Parlant is a Python framework for building reliable customer-facing AI agents through optimized context engineering. Instead of large system prompts, Parlant builds dynamic, per-turn context windows from composable behavioral primitives: Guidelines (condition → action), Observations (conditional tool/data triggers), Journeys (multi-step SOPs), Retrievers (domain knowledge), Glossary (domain terms), and Variables (session memory). A matching engine evaluates these primitives against each conversation turn and assembles only the relevant subset into the LLM prompt — preventing the prompt overload that kills compliance in production agents. Used in production at banks (JPMorgan Chase, Slice Bank).

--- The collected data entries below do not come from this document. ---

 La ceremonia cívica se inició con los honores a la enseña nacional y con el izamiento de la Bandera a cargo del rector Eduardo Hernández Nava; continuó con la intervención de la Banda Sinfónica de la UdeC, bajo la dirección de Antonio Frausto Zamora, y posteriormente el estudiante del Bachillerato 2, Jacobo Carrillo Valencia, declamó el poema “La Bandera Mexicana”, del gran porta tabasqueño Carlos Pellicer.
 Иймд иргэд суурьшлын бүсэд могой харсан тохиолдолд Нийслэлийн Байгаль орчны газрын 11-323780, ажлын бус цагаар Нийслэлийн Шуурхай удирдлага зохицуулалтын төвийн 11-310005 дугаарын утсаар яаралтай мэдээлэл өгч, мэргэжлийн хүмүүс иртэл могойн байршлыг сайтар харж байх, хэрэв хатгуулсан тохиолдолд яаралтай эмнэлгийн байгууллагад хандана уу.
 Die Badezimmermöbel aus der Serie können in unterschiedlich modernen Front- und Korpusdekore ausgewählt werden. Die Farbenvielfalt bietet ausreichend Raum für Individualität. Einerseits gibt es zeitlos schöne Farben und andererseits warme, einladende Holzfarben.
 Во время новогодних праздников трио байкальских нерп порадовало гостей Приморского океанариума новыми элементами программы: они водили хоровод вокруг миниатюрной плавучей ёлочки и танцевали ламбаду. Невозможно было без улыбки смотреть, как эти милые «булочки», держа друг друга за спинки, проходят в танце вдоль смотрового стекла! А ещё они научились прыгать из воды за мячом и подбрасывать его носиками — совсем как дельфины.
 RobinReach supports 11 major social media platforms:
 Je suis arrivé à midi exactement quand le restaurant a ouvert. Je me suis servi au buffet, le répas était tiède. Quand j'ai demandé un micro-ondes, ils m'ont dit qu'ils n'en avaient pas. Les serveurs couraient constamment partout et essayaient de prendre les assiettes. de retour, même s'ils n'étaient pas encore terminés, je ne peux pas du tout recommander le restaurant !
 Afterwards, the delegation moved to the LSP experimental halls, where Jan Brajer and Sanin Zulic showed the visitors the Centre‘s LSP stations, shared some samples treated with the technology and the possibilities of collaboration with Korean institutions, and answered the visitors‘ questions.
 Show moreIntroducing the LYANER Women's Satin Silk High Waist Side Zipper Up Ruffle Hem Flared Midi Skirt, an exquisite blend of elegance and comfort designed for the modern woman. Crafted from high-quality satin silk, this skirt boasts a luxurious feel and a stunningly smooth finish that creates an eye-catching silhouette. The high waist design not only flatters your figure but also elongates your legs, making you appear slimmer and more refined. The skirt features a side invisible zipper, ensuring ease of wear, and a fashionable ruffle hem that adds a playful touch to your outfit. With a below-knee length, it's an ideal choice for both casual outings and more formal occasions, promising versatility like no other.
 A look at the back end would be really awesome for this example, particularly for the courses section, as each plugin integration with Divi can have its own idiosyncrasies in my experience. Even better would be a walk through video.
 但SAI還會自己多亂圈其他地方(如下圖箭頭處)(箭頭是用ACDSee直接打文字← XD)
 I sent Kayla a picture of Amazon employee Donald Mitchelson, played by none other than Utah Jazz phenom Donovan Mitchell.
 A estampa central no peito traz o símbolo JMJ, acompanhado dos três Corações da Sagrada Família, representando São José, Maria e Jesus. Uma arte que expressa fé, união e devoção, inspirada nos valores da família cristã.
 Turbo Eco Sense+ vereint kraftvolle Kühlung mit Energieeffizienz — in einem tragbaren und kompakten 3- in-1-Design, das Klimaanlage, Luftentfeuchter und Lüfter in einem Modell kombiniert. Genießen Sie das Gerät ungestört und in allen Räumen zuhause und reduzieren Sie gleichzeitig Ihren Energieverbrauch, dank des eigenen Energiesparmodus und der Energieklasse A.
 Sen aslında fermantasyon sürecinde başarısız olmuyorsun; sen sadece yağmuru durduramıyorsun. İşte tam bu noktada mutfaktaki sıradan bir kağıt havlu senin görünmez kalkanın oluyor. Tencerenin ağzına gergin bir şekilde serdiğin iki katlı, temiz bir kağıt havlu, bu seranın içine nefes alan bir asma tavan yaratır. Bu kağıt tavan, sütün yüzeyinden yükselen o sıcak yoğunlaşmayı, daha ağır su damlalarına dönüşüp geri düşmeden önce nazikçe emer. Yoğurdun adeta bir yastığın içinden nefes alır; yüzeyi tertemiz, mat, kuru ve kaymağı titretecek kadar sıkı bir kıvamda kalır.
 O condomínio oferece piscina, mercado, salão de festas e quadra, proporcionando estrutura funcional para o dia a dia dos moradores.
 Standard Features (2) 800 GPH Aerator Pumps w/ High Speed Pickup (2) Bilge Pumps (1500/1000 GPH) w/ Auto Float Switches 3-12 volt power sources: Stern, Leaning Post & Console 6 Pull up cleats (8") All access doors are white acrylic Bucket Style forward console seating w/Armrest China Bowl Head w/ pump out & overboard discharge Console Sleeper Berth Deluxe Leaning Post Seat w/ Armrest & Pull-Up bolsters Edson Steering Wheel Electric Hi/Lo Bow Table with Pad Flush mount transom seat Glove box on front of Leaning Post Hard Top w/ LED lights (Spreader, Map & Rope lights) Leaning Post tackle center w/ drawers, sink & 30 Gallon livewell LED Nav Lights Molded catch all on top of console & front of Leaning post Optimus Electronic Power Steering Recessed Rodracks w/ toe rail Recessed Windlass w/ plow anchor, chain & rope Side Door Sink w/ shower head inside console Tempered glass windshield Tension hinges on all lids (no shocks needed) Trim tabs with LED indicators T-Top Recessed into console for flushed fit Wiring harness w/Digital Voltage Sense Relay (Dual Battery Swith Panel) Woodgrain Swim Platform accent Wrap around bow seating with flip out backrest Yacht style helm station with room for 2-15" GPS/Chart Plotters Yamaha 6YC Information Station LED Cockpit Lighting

Compared to seeds: Parlant is closest to none of the 11 seeds but has philosophical overlaps with kiro (behavioral control in a specialized IDE) and spec-driver (structured agent behavior definition). Unlike all seeds, Parlant is a runtime conversation governance framework: it doesn't help developers write code, it governs how AI agents behave in customer conversations. Its context engineering approach (assembling only relevant instructions per turn) is technically distinct from the "big CLAUDE.md" approach all seeds use.

01

Overview

Parlant — Overview

Origin

Developed by Emcie Co Ltd. (emcie-co). Python, Apache-2.0. 18,084 stars, 1,537 forks as of 2026-05-26 — the highest-starred framework in this batch by a significant margin. Active development on develop branch. Used in production at JPMorgan Chase, Slice Bank, Oracle AI.

Philosophy

"Build reliable customer-facing AI agents with Parlant: an interaction control harness optimized for controlled, consistent, and predictable LLM interactions."

The core insight: system prompts fail at scale because the more instructions you add, the less the LLM attends to any of them. Parlant's response: stop treating the system prompt as a document and start treating behavioral rules as individually matchable components assembled dynamically per conversation turn.

Problem Statement (from README)

"System prompts work until production complexity kicks in. The more instructions you add to a prompt, the faster your agent stops paying attention to any of them."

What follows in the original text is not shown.